The truth about me as an artist is, all I ever wanted to do was draw pictures of superheroes and make comic books. I can be Artistic and Profound and even place Fine Art in galleries, but inside I am still making up stuff about people and animals with superpowers and creating costumes for them. I've done it since I was able to hold a pencil. I have painted a lot of quality art but when it really comes down to it, just let me depict someone in tights with a cape and a mask and some glowing special effects.
This guy is an obscure, morally ambiguous superpowered person from a DC comic book called "Code Name: Assassin." He made only one appearance in his own title, in 1976. In that volume, which I own and is now of vintage age, a failing graduate student named Jonathan Drew, had gained powerful psychic/telekinetic abilities from (of course) a laboratory accident. When gangsters killed people close to him, including his sister, he swore revenge and became a costumed vigilante code-named the "Assassin," using psychic blasts, gadgets, and weapons to destroy them. In the book he wastes a number of gangsters in various ways, though he tries to keep actual deaths to a minimum by using tranquilizer darts instead of bullets. According to comic book encyclopedias, he later returns briefly as a super-villain. I guess that might be a logical development, given the intensity of his desire for revenge.

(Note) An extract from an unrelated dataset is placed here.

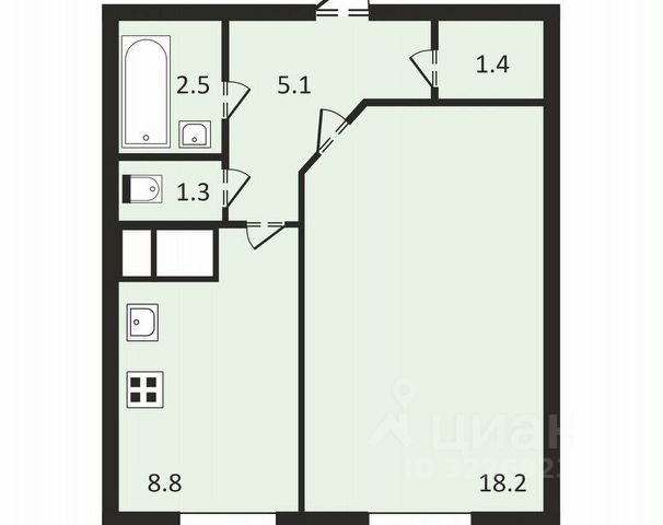Одно большое помещение площадью 25.8 м2.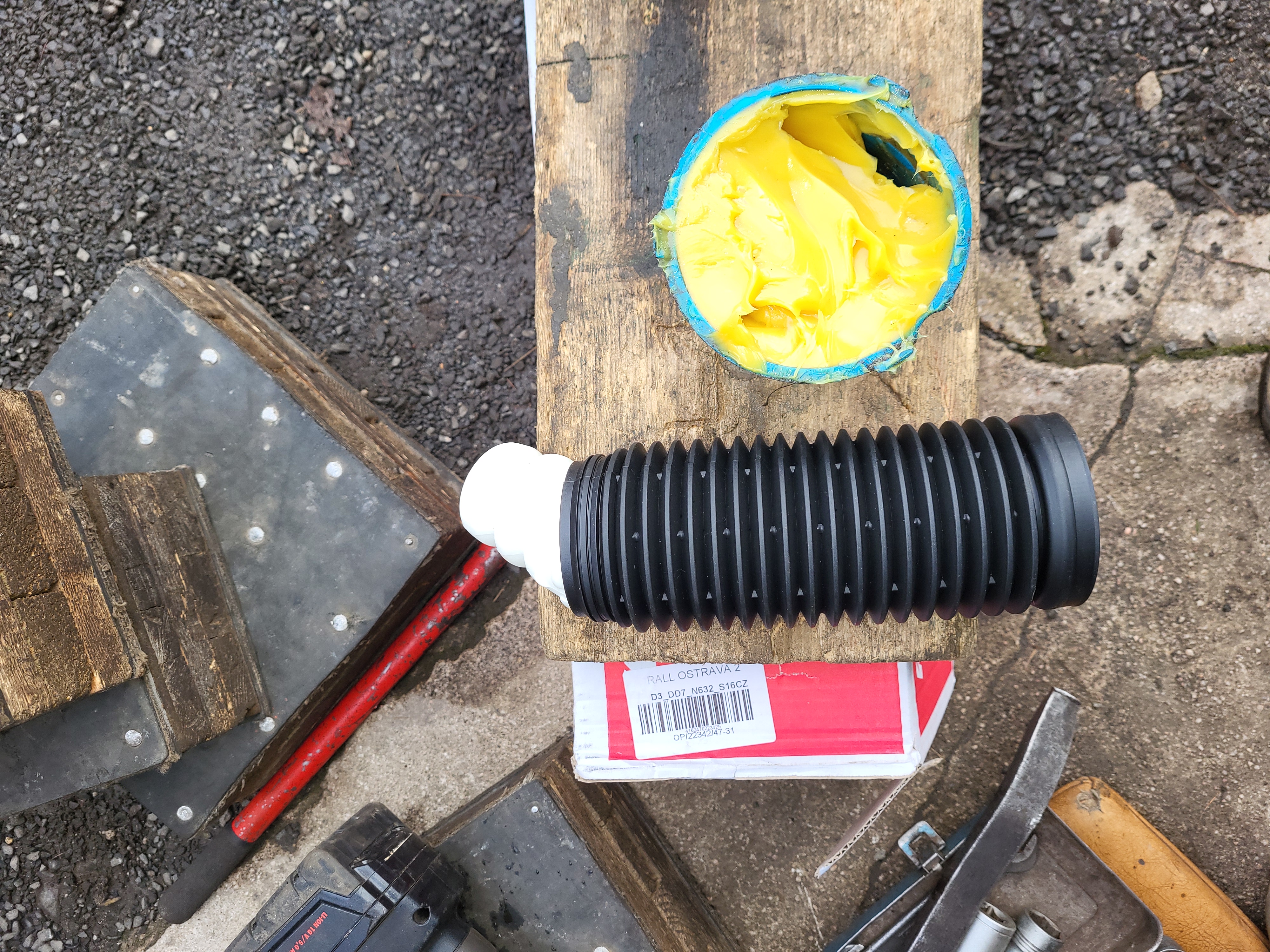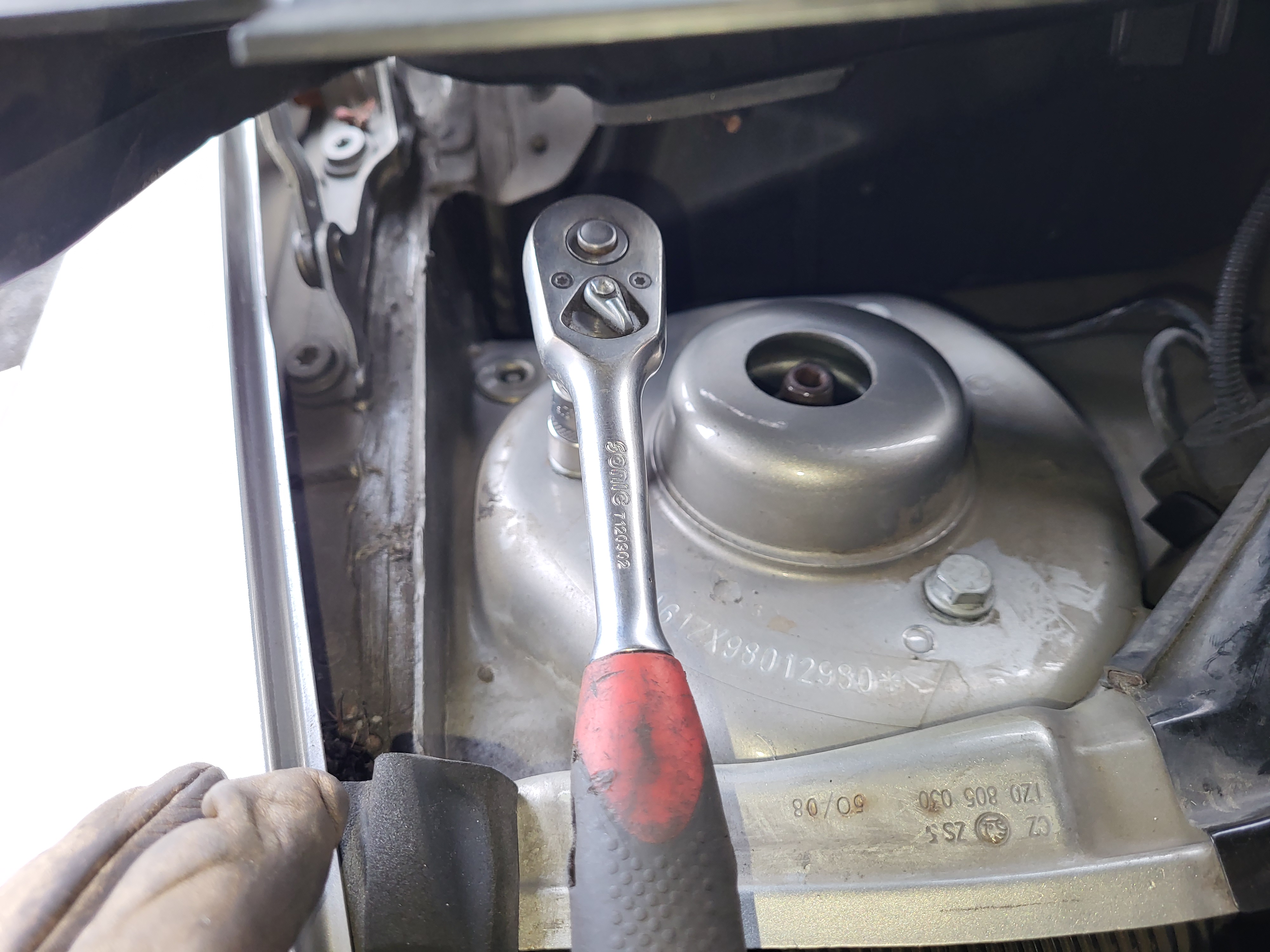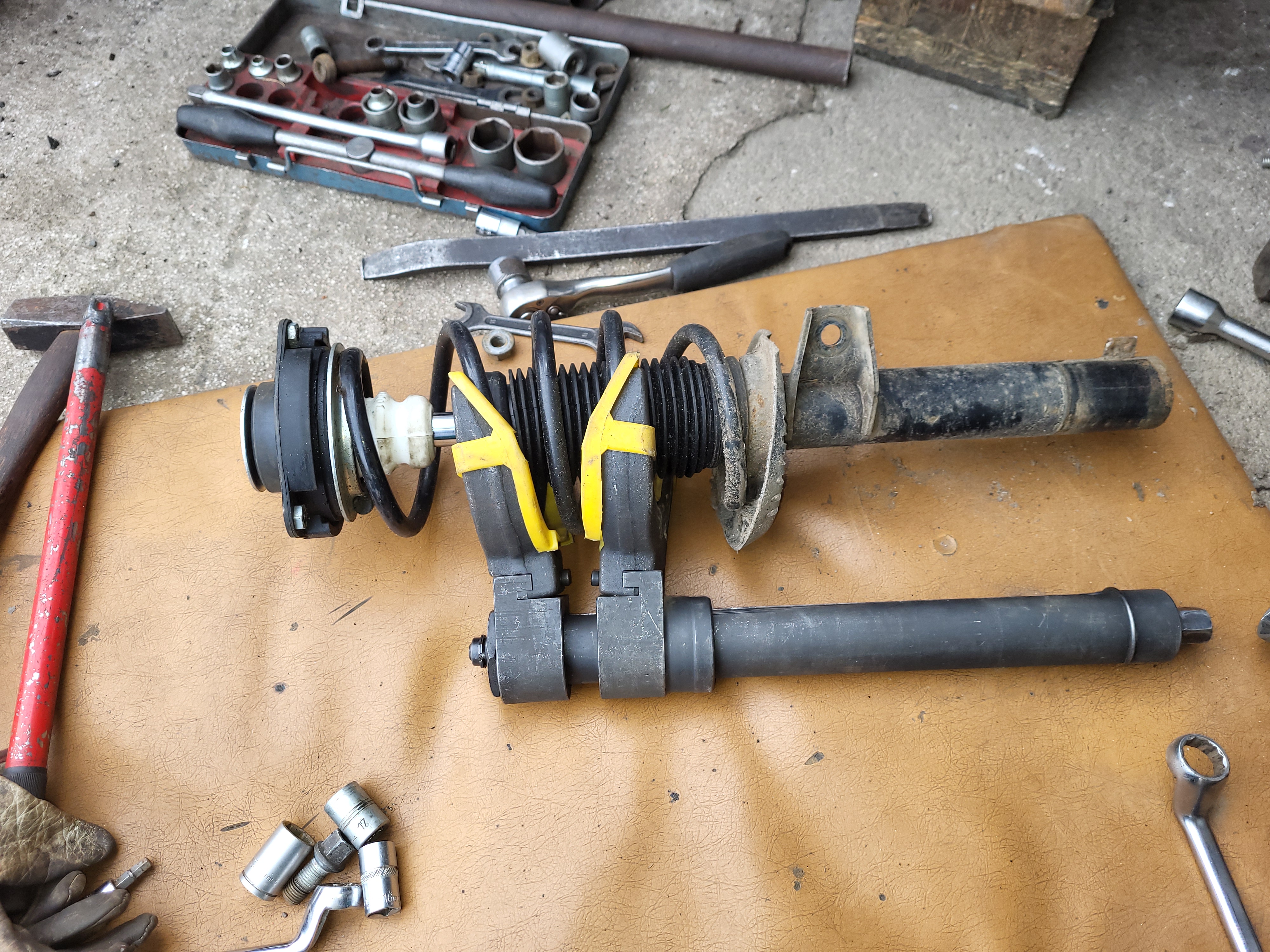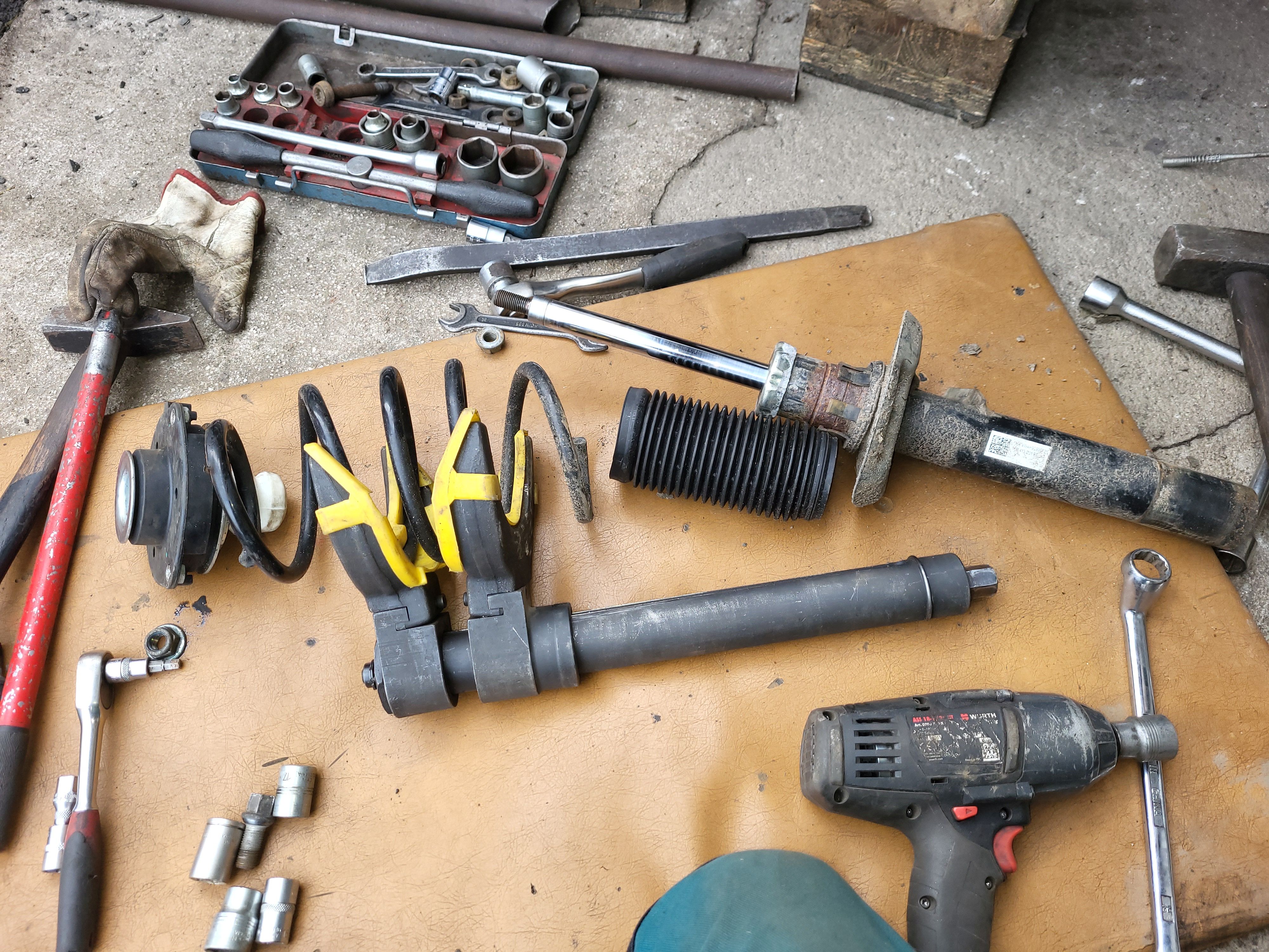vemem menší majzlík a roztáhneme třmen těhlice poté sklepnem třmen z těhlice a odložíme na podložku votevřem kapotu motoru pod oknem si stáhnem gumové těsnění nadzvednem u podběhu plast a povolíme 3 šrouby co drží uložení s tlumičem a de to celý ven ted si jen povolíme matku co drží to horní uložení - jen povolit

This is my latest attempt at doing a standard digitally rendered character/costume portrait. The costume in the comic book looks dark blue and orange, but in those days they couldn't render a black costume which I think was the original intention. After all, an assassin should wear black. The orange trim seems particularly Seventies-ish but I like orange and black together. The cuffed boots might be a bit cumbersome in a fight but probably contain lots of miniaturized weapons and gadgets, as do the belt and gauntlets. The pale orange glow around his head and hand denote psychic power at the ready.
"Code Name: Assassin" is Photoshop, 7" x 10", (3000 x 2100 pixels), December 2010.